Stored records:

>>>

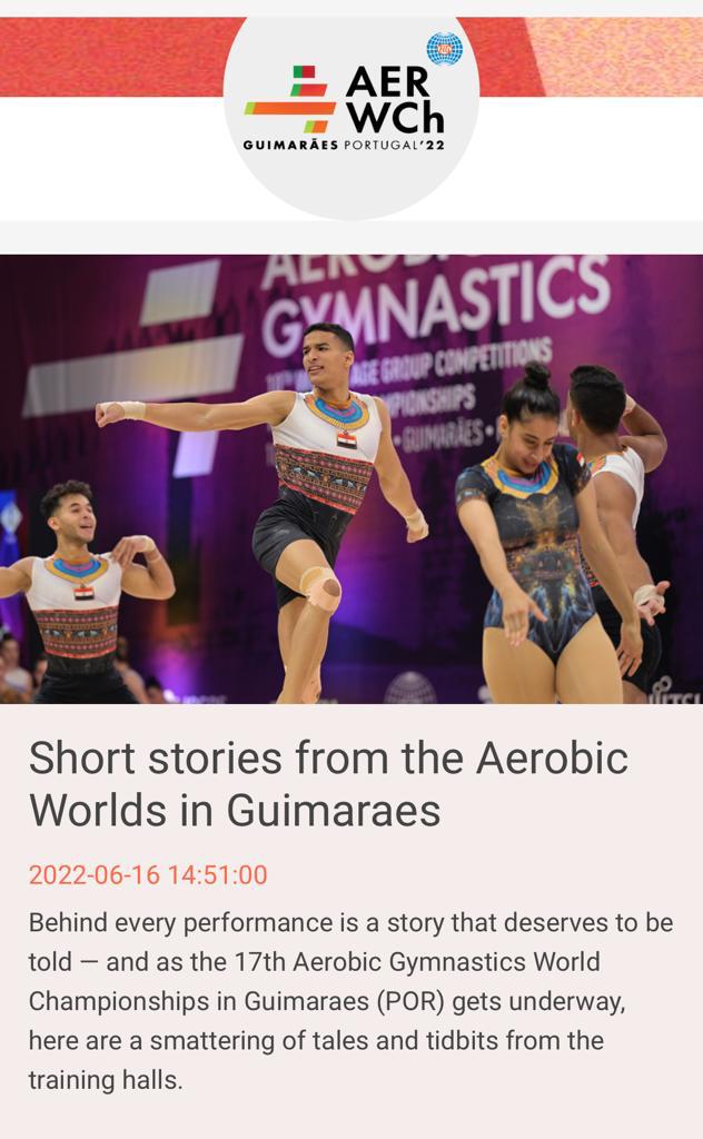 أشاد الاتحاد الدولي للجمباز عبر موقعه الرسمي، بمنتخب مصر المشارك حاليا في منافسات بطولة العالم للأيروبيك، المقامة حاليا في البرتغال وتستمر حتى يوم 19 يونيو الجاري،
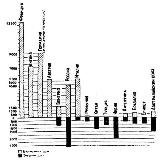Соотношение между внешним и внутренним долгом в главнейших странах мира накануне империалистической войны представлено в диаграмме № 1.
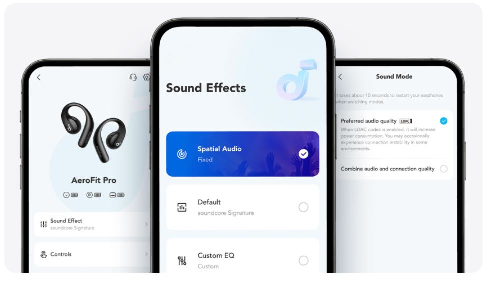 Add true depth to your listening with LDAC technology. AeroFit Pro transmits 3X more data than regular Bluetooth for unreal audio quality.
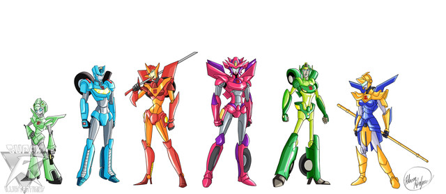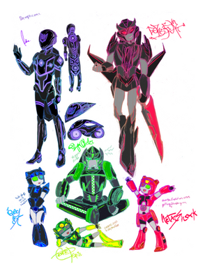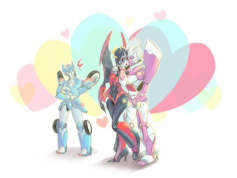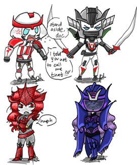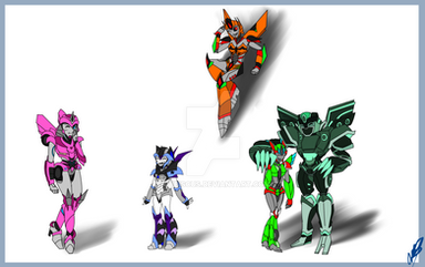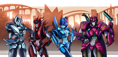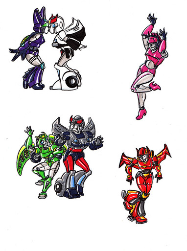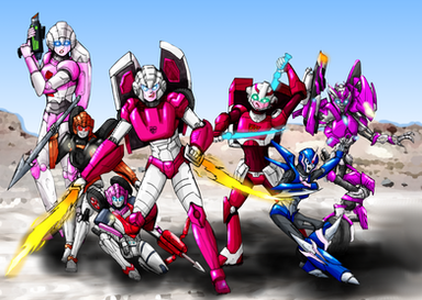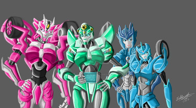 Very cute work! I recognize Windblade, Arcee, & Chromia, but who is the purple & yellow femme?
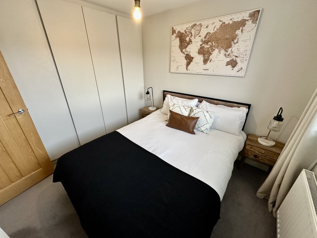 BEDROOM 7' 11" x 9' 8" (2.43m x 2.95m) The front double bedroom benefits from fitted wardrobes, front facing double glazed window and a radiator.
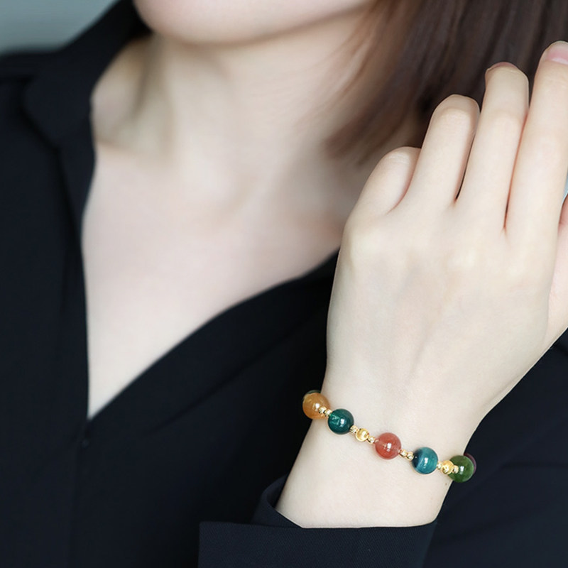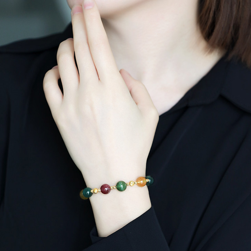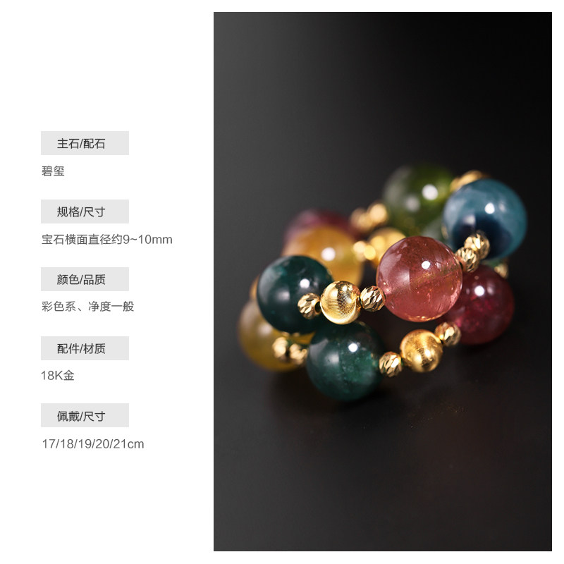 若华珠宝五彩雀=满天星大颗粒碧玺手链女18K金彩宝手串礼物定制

<<<

Aim of the exercise: Please give the records above again exactly as they stand, with no pictures.

Exercise answer:
 أشاد الاتحاد الدولي للجمباز عبر موقعه الرسمي، بمنتخب مصر المشارك حاليا في منافسات بطولة العالم للأيروبيك، المقامة حاليا في البرتغال وتستمر حتى يوم 19 يونيو الجاري،
Соотношение между внешним и внутренним долгом в главнейших странах мира накануне империалистической войны представлено в диаграмме № 1.
 Add true depth to your listening with LDAC technology. AeroFit Pro transmits 3X more data than regular Bluetooth for unreal audio quality.
 Very cute work! I recognize Windblade, Arcee, & Chromia, but who is the purple & yellow femme?
 BEDROOM 7' 11" x 9' 8" (2.43m x 2.95m) The front double bedroom benefits from fitted wardrobes, front facing double glazed window and a radiator.
 若华珠宝五彩雀=满天星大颗粒碧玺手链女18K金彩宝手串礼物定制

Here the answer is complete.